CWE-910

Use of Expired File Descriptor. [Resource-Management-Errors, Improper-Control-Of-A-Resource-Through-Its-Lifetime]

Required inputs: IR, StaticSemanticAnalysis

The product uses or accesses a file descriptor after it has been closed. After a file descriptor for a particular file or device has been released, it can be reused. The code might not write to the original file, since the reused file descriptor might reference a different file or device.Excerpts from CWE [https://cwe.mitre.org], Copyright (C) 2006-2026, the MITRE Corporation. See section 9.4. "3rd-Party Licenses" in the documentation for full details.

Possible Messages

Key

Text

Severity

Disabled

possible_use_after_free

File descriptor possibly used after it was previously released

None

False

use_after_free

File descriptor used after it was previously released

None

False

Options

functions_with_ignored_deallocators

functions_with_ignored_deallocators : set[str] = set()

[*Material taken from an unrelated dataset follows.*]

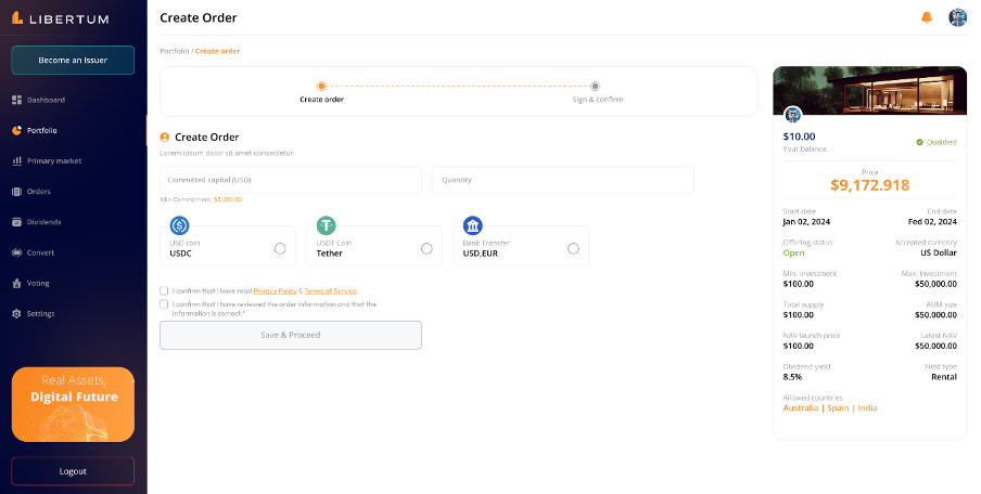 The “Convert” section enables the investors to convert the tokens from the ERC-3643 standard to the wrapped ERC-20 standard, so that they can easily trade the ERC-20 tokens on centralized (CEX) or decentralized exchanges (DEX).

Set of functions (given by their qualified name) where all deallocators are ignored. For these functions, the check will never report a use-after-free. It will also assume that these functions never create freed pointers, neither by return value, out param, nor by modifying global state.
 

report_freed_this_at_call

report_freed_this_at_call : bool = False

This option controls findings when a freed pointer is used in C++ to call a non-static member function. When set to true, the use at the call is directly reported. When false, the analysis waits for an actual dereference (of the this-pointer then) inside the callee, and only reports those.
 

report_read_pointer_args_in_calls_to_undefined

report_read_pointer_args_in_calls_to_undefined : bool = True

Report when freed pointers are passed to undefined (external) functions.
 

resources

resources : set[str] = {'FileHandle'}

Set of resources to be checked (selection of rules in the Resources group).
 

witness_paths

witness_paths : bool = True

Whether witness paths should be determined and included in the issue.